[Stored entries]
--- START ---
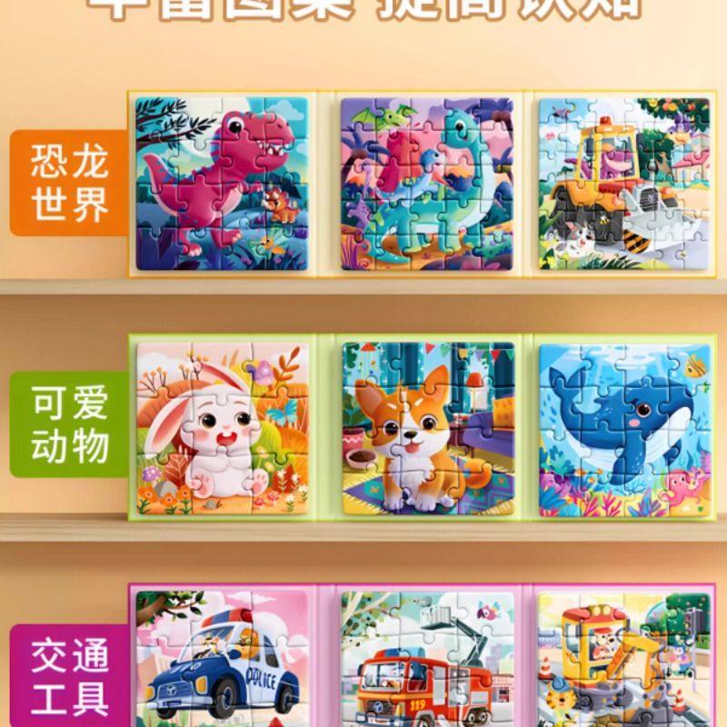 恐龙儿童拼图3到6岁益智磁力拼图2到3岁益智平图磁吸积木儿童玩具
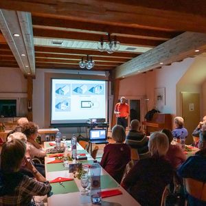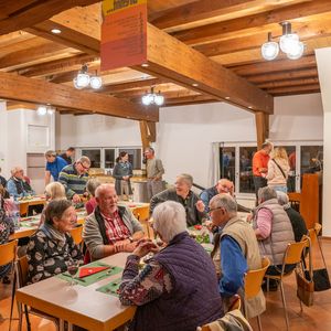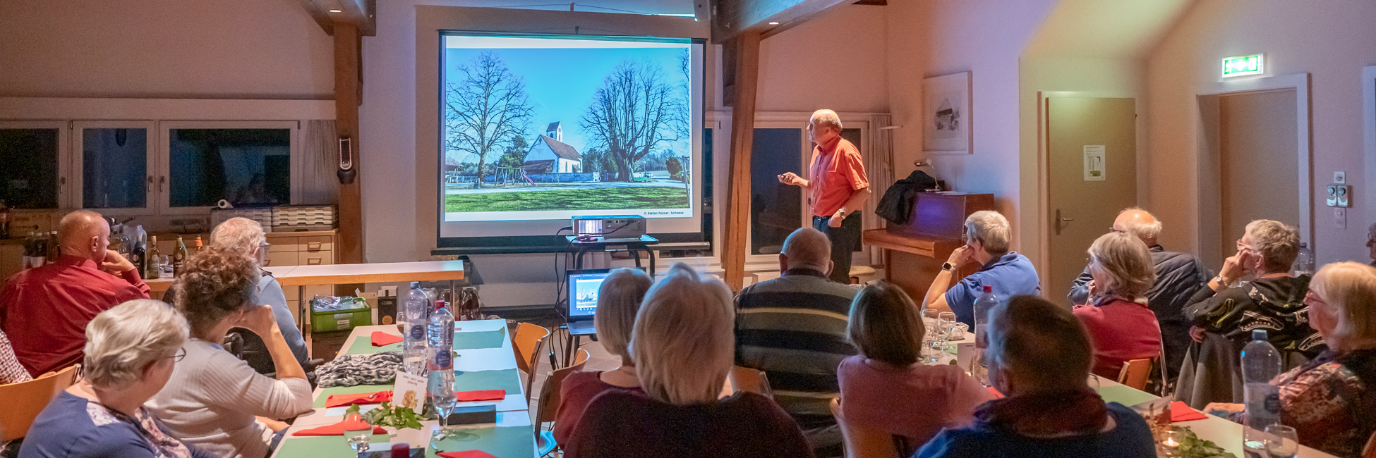 Das Zusammensein war geprägt von einer warmen, fröhlichen Atmosphäre. Es war spürbar, wie gut es tat, sich einmal zurücklehnen und in entspannter Gesellschaft, Gemeinschaft geniessen zu können. Ein besonderes Highlight des Abends war die Präsentation von Pfarrer Rolf Weber. Mit viel Engagement und Fachwissen gewährte er einen spannenden Einblick in die Geschichte von Grasswil, Seeberg und der Kirche. Seine Ausführungen verbanden historische Fakten mit lebendigen Erzählungen, sodass selbst langjährige Gemeindemitglieder Neues erfahren konnten. Dieser Beitrag wurde von allen Anwesenden mit grossem Interesse verfolgt und mit entsprechendem Applaus gewürdigt. Der Abend klang in gemütlichem Beisammensein aus und hinterliess ein Gefühl von Dankbarkeit und Verbundenheit. Wir freuen uns bereits jetzt auf den nächsten Anlass – und hoffen, dass dann für jedes Gedeck auch ein zweites Glas bereitsteht.
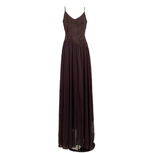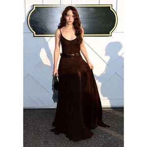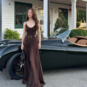 现货女神V领麂皮吊带裙法式复古腰带收腰显瘦拖地晚礼服连衣裙长
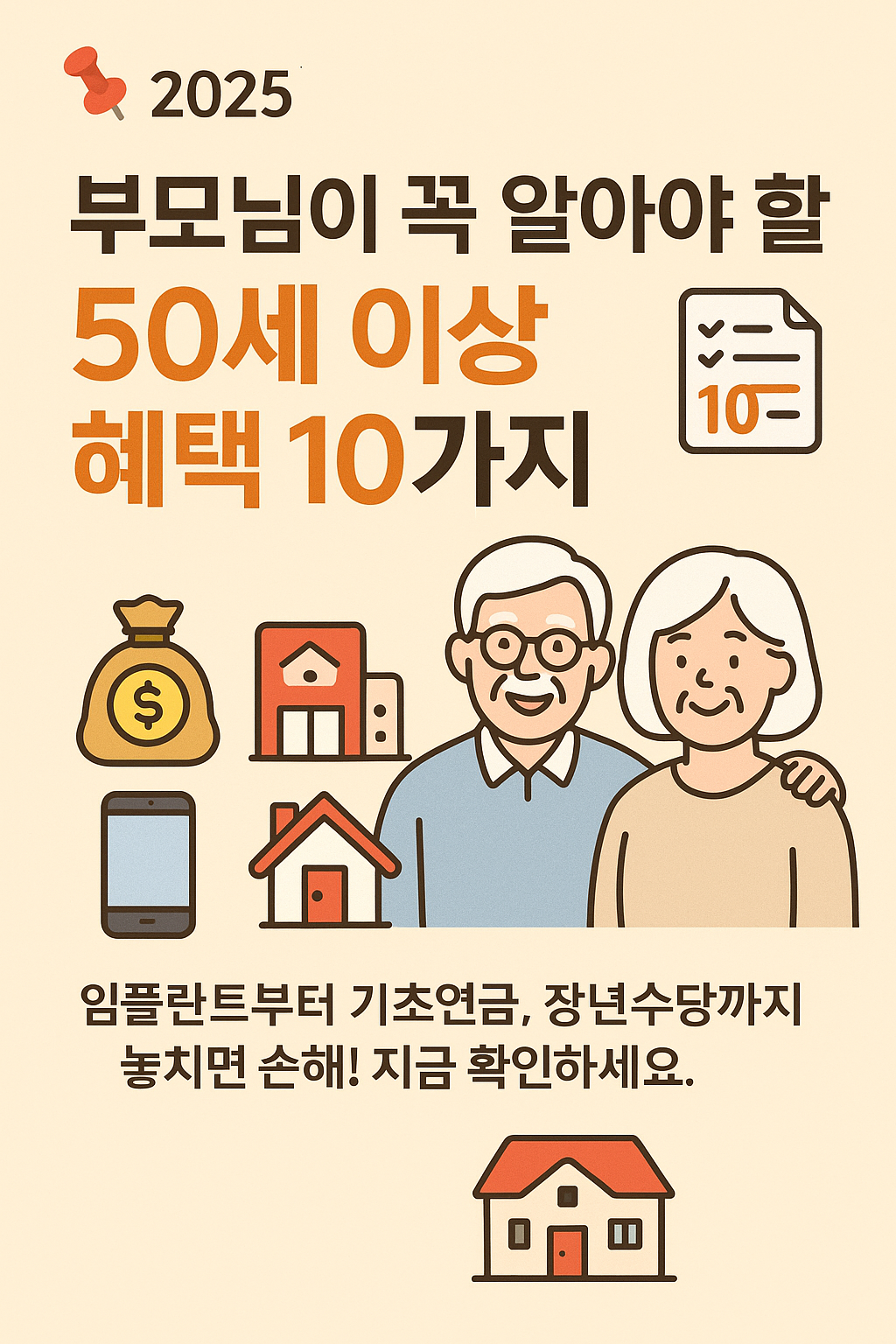 2025년은 중장년층에게 실질적인 혜택이 본격적으로 시행되는 해입니다. 50세 이상 부모님이 놓치지 않도록, 위 10가지 정책을 미리미리 확인하고 주민센터 또는 복지 앱을 통해 신청을 도와드리세요.
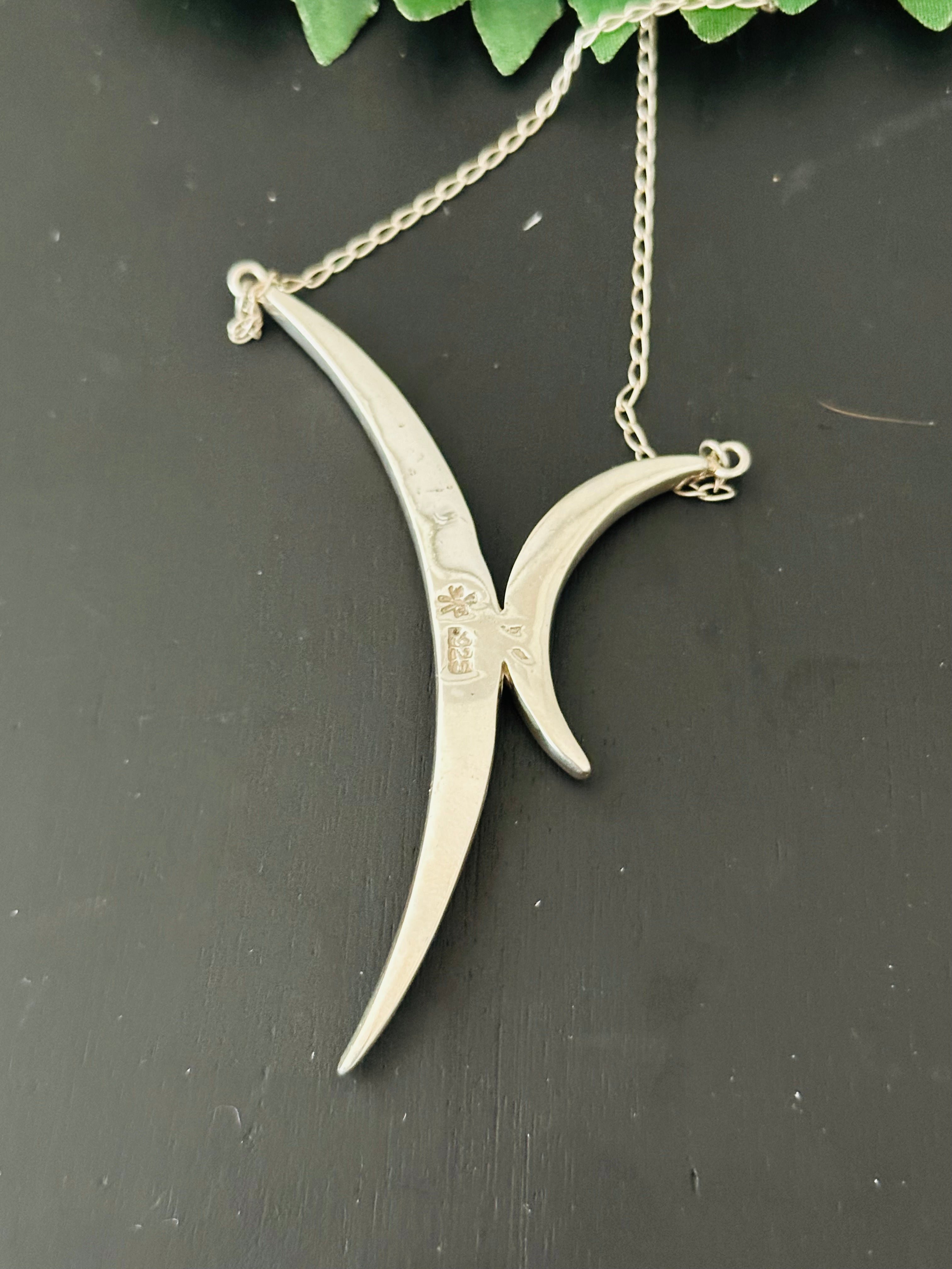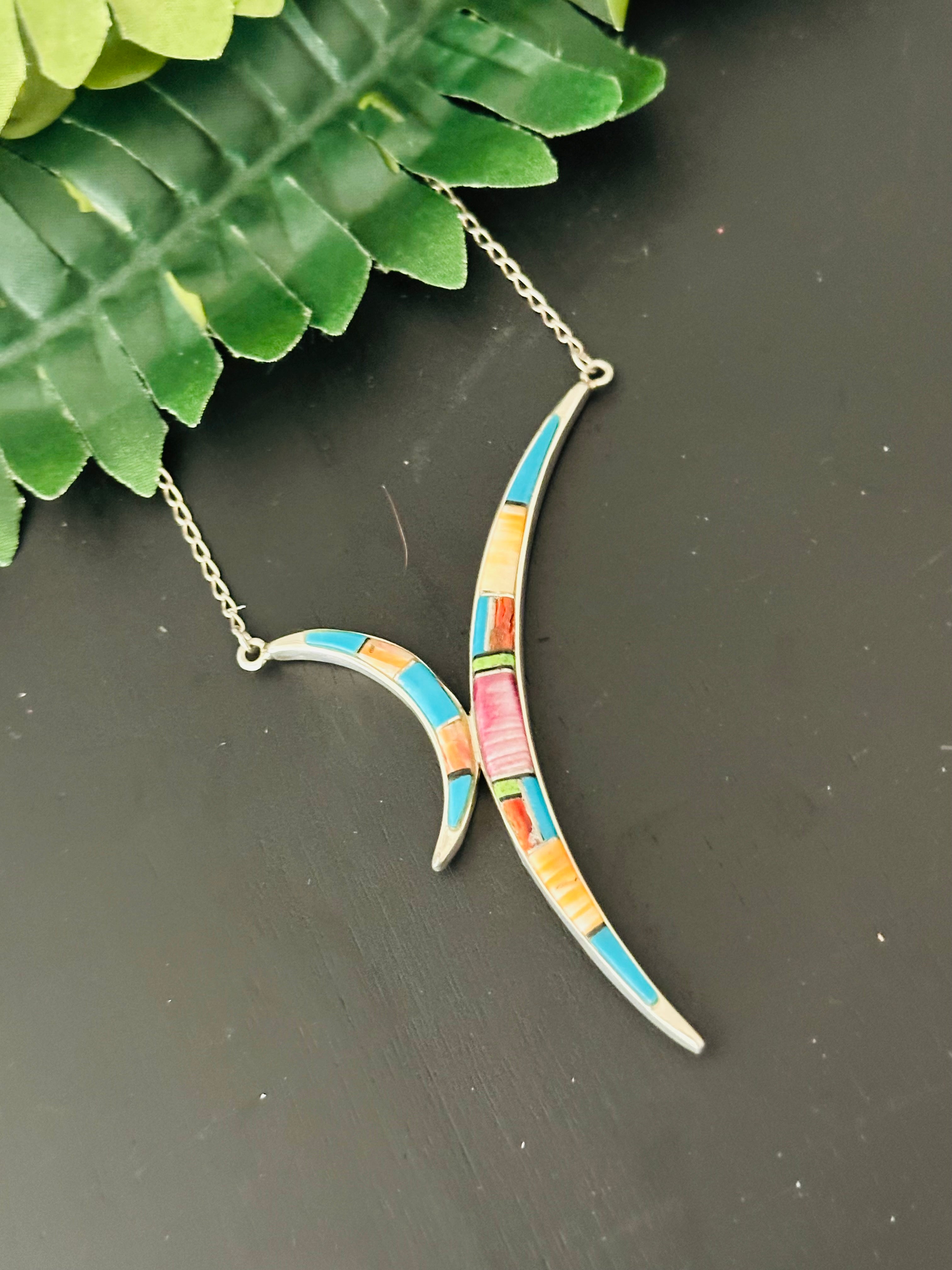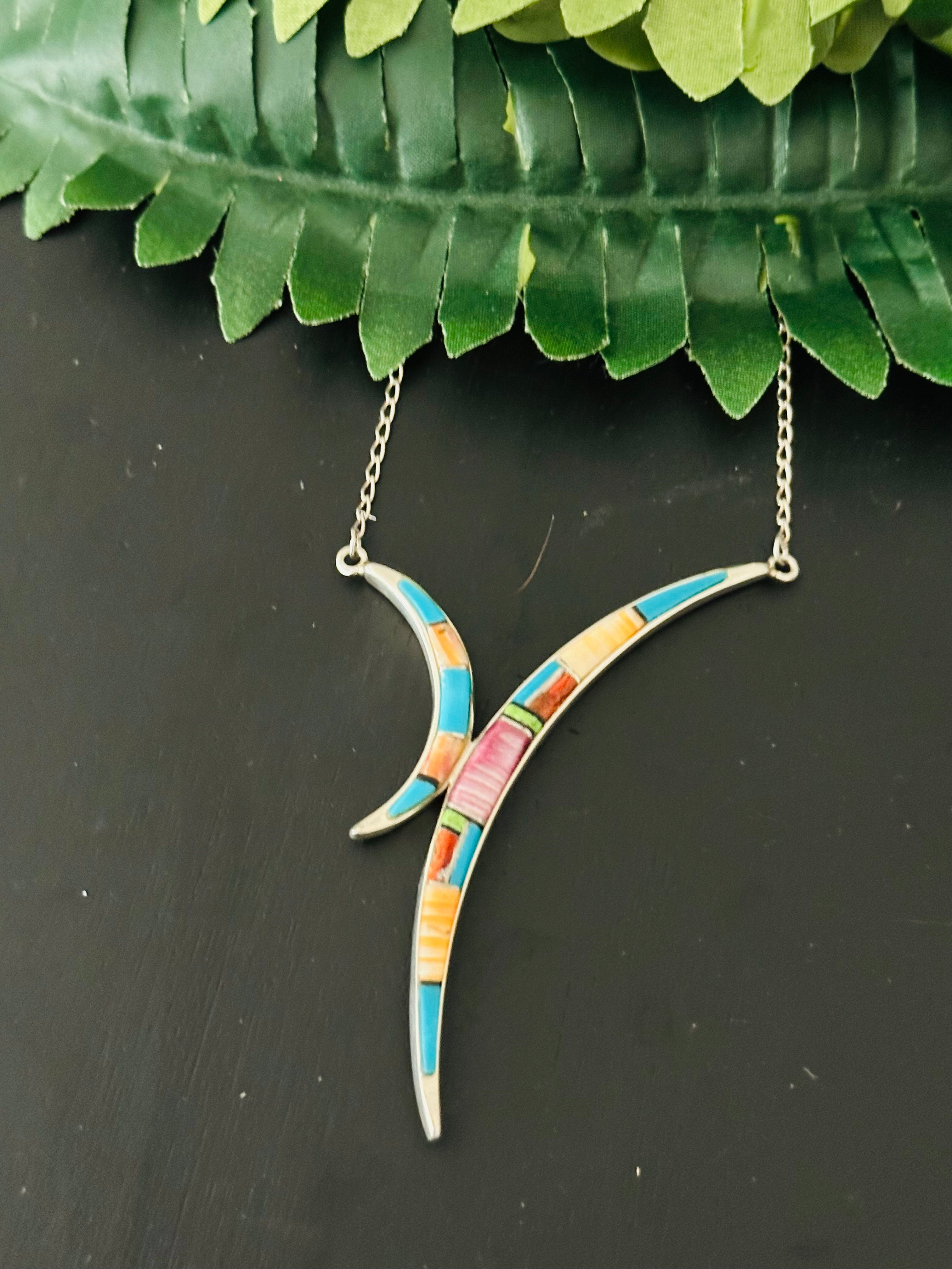 Navajo Made Multi Stone & Sterling Silver Inlay Necklace. It measures 22 inches long with hang while the chain by itself measures 16 inches long. Signed by the artist and stamped sterling silver.
--- END ---
PROBLEM:
Each line above should be printed again exactly, though the pictures should not be.

TASK OUTPUT:
 恐龙儿童拼图3到6岁益智磁力拼图2到3岁益智平图磁吸积木儿童玩具
 Das Zusammensein war geprägt von einer warmen, fröhlichen Atmosphäre. Es war spürbar, wie gut es tat, sich einmal zurücklehnen und in entspannter Gesellschaft, Gemeinschaft geniessen zu können. Ein besonderes Highlight des Abends war die Präsentation von Pfarrer Rolf Weber. Mit viel Engagement und Fachwissen gewährte er einen spannenden Einblick in die Geschichte von Grasswil, Seeberg und der Kirche. Seine Ausführungen verbanden historische Fakten mit lebendigen Erzählungen, sodass selbst langjährige Gemeindemitglieder Neues erfahren konnten. Dieser Beitrag wurde von allen Anwesenden mit grossem Interesse verfolgt und mit entsprechendem Applaus gewürdigt. Der Abend klang in gemütlichem Beisammensein aus und hinterliess ein Gefühl von Dankbarkeit und Verbundenheit. Wir freuen uns bereits jetzt auf den nächsten Anlass – und hoffen, dass dann für jedes Gedeck auch ein zweites Glas bereitsteht.
 现货女神V领麂皮吊带裙法式复古腰带收腰显瘦拖地晚礼服连衣裙长
 2025년은 중장년층에게 실질적인 혜택이 본격적으로 시행되는 해입니다. 50세 이상 부모님이 놓치지 않도록, 위 10가지 정책을 미리미리 확인하고 주민센터 또는 복지 앱을 통해 신청을 도와드리세요.
 Navajo Made Multi Stone & Sterling Silver Inlay Necklace. It measures 22 inches long with hang while the chain by itself measures 16 inches long. Signed by the artist and stamped sterling silver.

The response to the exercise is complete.